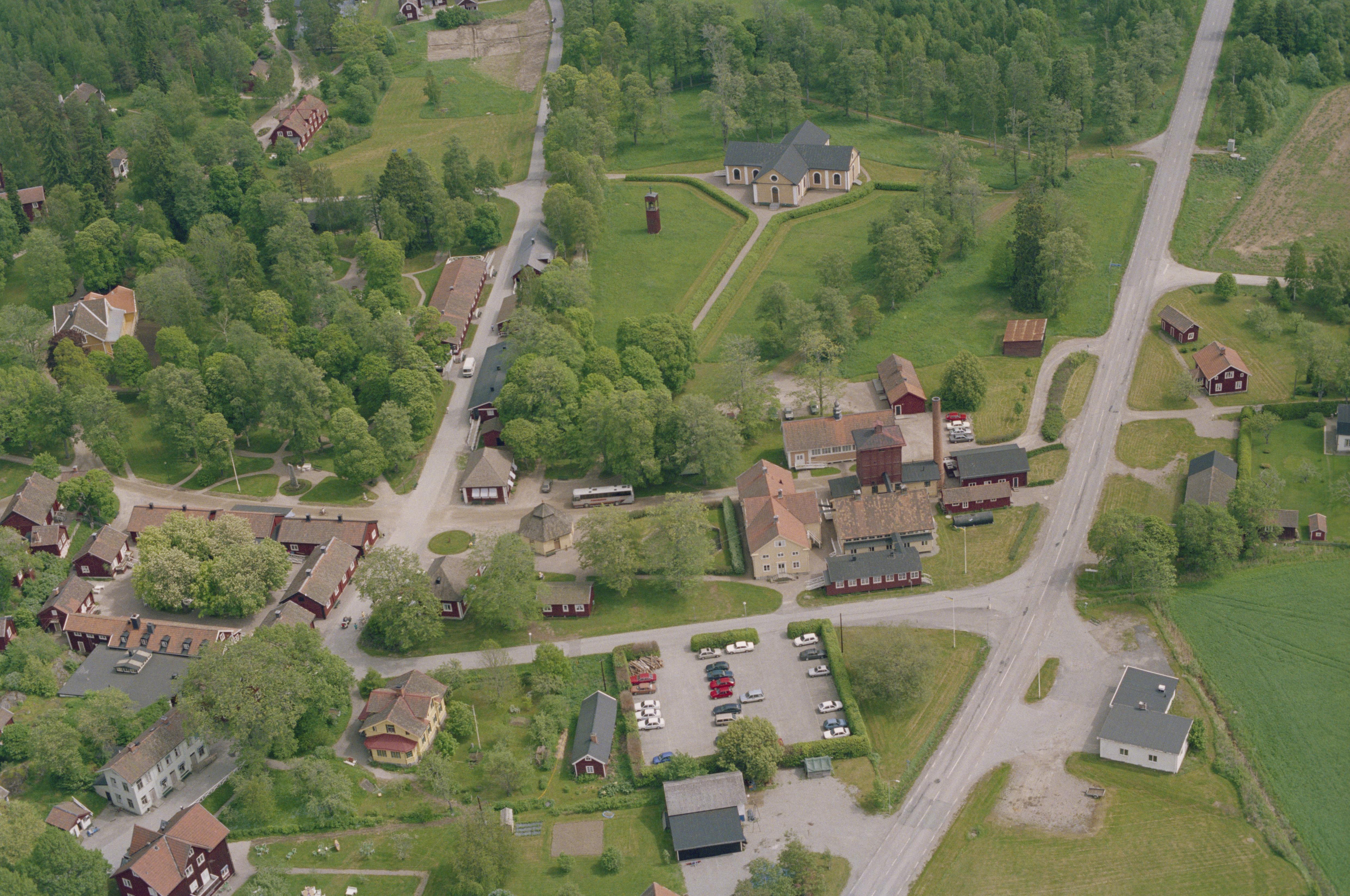 Beskrivning: Solingsbäckens dalgång. Kurorten Sätra brunn RAÄnr Kila 177:1 med hälsokällor RAÄnr Kila 9:1, 12:1 13:1, 14:1 m.fl. Sätra brunns kyrka i bildens övre del. Bilden är tagen mot (väderstreck): OSO
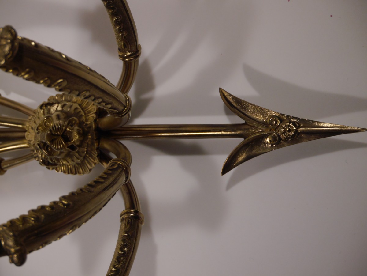 Retrouver le mobilier ou les objets d''art similaires à « Paire d'appliques "à flèches" d'après Claude Galle » présenté par Igra Lignum, antiquaire à Marnand dans la catégorie Appliques Empire, Luminaires.
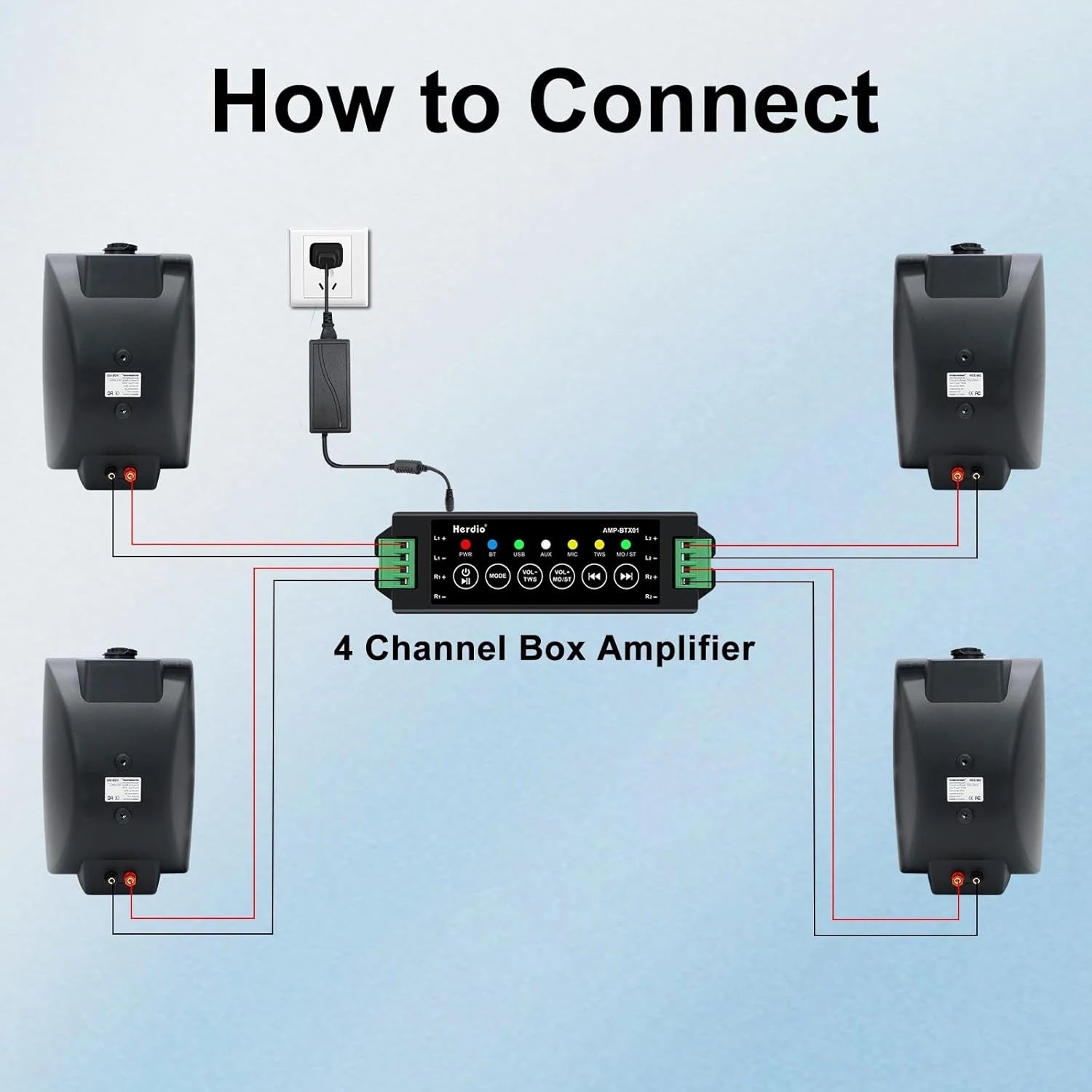 Powerful, weather-ready sound meets effortless outdoor installation with the Herdio 4 Pack 6.5 Inch 800W Outdoor Waterproof Speaker System. This complete wired setup pairs four rugged 6.5" passive speakers with a dedicated four-channel amplifier to deliver immersive stereo sound across patios, poolsides, gardens, decks, and indoor spaces.
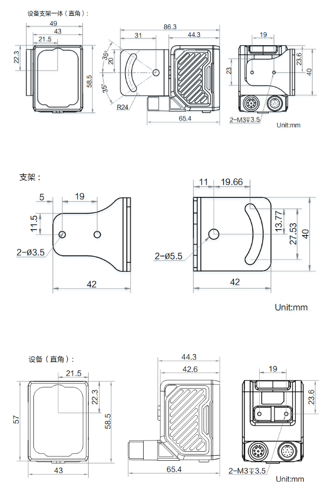 外形尺寸 | 平角:80.1 mm × 43 mm × 44.3 mm 直角:58.5 mm × 43 mm × 65.4 mm |
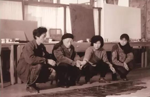 2003年,鄧白先生指導壁畫(左起:郭琳山 鄧白 嵇錫貴 郭藝)

-=-=-

§ **Task**: Could you set down the records above word for word, without any of the pictures?

§ **Task response**:
 Beskrivning: Solingsbäckens dalgång. Kurorten Sätra brunn RAÄnr Kila 177:1 med hälsokällor RAÄnr Kila 9:1, 12:1 13:1, 14:1 m.fl. Sätra brunns kyrka i bildens övre del. Bilden är tagen mot (väderstreck): OSO
 Retrouver le mobilier ou les objets d''art similaires à « Paire d'appliques "à flèches" d'après Claude Galle » présenté par Igra Lignum, antiquaire à Marnand dans la catégorie Appliques Empire, Luminaires.
 Powerful, weather-ready sound meets effortless outdoor installation with the Herdio 4 Pack 6.5 Inch 800W Outdoor Waterproof Speaker System. This complete wired setup pairs four rugged 6.5" passive speakers with a dedicated four-channel amplifier to deliver immersive stereo sound across patios, poolsides, gardens, decks, and indoor spaces.
 外形尺寸 | 平角:80.1 mm × 43 mm × 44.3 mm 直角:58.5 mm × 43 mm × 65.4 mm |
 2003年,鄧白先生指導壁畫(左起:郭琳山 鄧白 嵇錫貴 郭藝)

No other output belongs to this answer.